The stranger's name was Valentine Michael Smith, the only survivor of the doomed expedition. Smith's alien culture and philosophy -- grounded in a simple doctrine of love -- form the core of the book. Devoid of ego, Smith seeks only to "grok" -- Heinlein's coined verb for achieving deep conceptual understanding -- the complexities of genuine interaction, to share and bond through the Water Ritual, and to Nest with others in an intimate form of shared understanding. Even death holds no real value nor fear for Smith, and can occur simply if one is cast out from the Nest. The only true values are communal connection and love.

Unfettered by greed, sexuality, or competitive nature, Smith's entire essence works only to connect intimately with other people. He can't imagine it being any other way.

But it is. To Smith's nominally fellow Americans, this way of life is so truly alien that it sets off a chain reaction in society. Cast as a modern messiah, Valentine Michael Smith finds himself assaulted on all sides by the need to exploit for profit and the desperation for a spiritual leader. Despite his inability to comprehend all the entirely human motivations thrust upon him, he is literally consumed by those around him.

Smith doesn't want to spread any message. But those around him crave what he offers. Even at the cost of destroying him.

The vision and the voice
At its core, Heinlein's masterpiece is based on the simple idea that it takes an innocent, a man raised on Mars, to bring the human race closer to their own humanity. Although Smith's very existence preaches a utopian vision, Heinlein cautioned his readers that this sort of idealism is always at the mercy of baser impulses. Even though Smith is who he is, the rest of us greedy savages can think of little better to do with him than latch on and take what we can from him.

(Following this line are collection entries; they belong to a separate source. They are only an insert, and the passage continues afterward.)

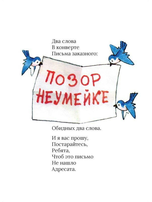 По городу ходит почтальон с письмом, адресованным Неумейке. Но дети Неумейками быть не хотят: увидев почтальона, они тут же убирают игрушки, сами одеваются или берут в руки ложку. Может быть, в вашем доме живёт Неумейка? Прочитайте ему это стихотворение и увидите, как всё изменится!
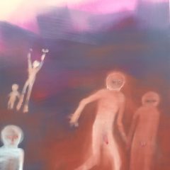 Hello! I’ve been traveling with Stella, visiting Steve in Karlsruhe, Germany, where he’s a visiting professor this summer. Among other side trips we took, Stella and I made it to Kassel for Documenta 13. And we spent a lovely long weekend in Paris, visiting Artblog buddies, Matthew Rose and Max Mulhern, and seeing a show at the Quay Branly Museum. More on all this coming up. This is a picture from Documenta, a panoramic tapestry (looks like a photo) with a panorama of people in front of it, by Britain-based artist Goshka Macuga.
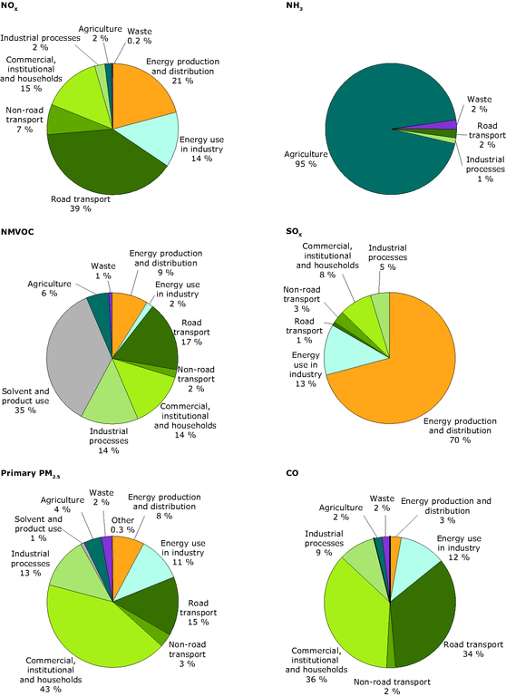 Sources of selected air pollutants in 2008 for EEA-32 and Western Balkan countries

Coming out of the repressive climate of the 1950s, Stranger arrived with a shocking new voice in literature - science fiction looking inward at the human soul and serving as veiled social critique.

At a time when every American family had (or wanted) 2.5 kids and a two-car garage, the example of Valentine Michael Smith asked them to commune with their souls, to not just think or understand, but to "grok."

Released with little fanfare, it took the book five years to catch on with readers outside the closed circles of science fiction fandom. One by one, Americans disillusioned by the collapse of the Great Society latched on to the Stranger's philosophies as a new way of life. Eventually, there were millions of fans desperate to grok the world as Smith did.

Heinlein himself doesn't appear to have taken the book terribly seriously, but his concepts radically shaped and influenced the new thought processes emerging in the 1960s. The novel entered mass consciousness like a firecracker, predicting and describing so much of the upheaval that was to come. The flower children dug it so much that they founded many small communities with names like "The Church of All Worlds" and "The Mithril Star" around Smith's water-sharing culture of free love. "Grok" even made it into most dictionaries.

Even now, in the post-hippie landscape, there is no doubt of the emotional and psychological weight the book carries. Stranger remains a landmark in science fiction because it operates on so many disparate levels -- political, religious, emotional, spiritual -- all layered around a good old-fashioned suspense story, offering up bold insights about what it means to be human.

With these intensely relevant metaphors, Stranger helped lay the groundwork for much of the innovative SF to follow. Some of the greatest speculative works of the last 40 years, from Philip K. Dick's probing search for truth to Greg Bear's metaphorical evolutionary theories, owe a debt to Heinlein for preparing the minds of readers and publishers alike.

Stranger In a Strange Land most certainly makes my top 100 list of important books of the century. Maybe my top 10. While its free-love slant may seem dated, its powerful message of spiritual quest and discovery remains potent to this day, you grok me?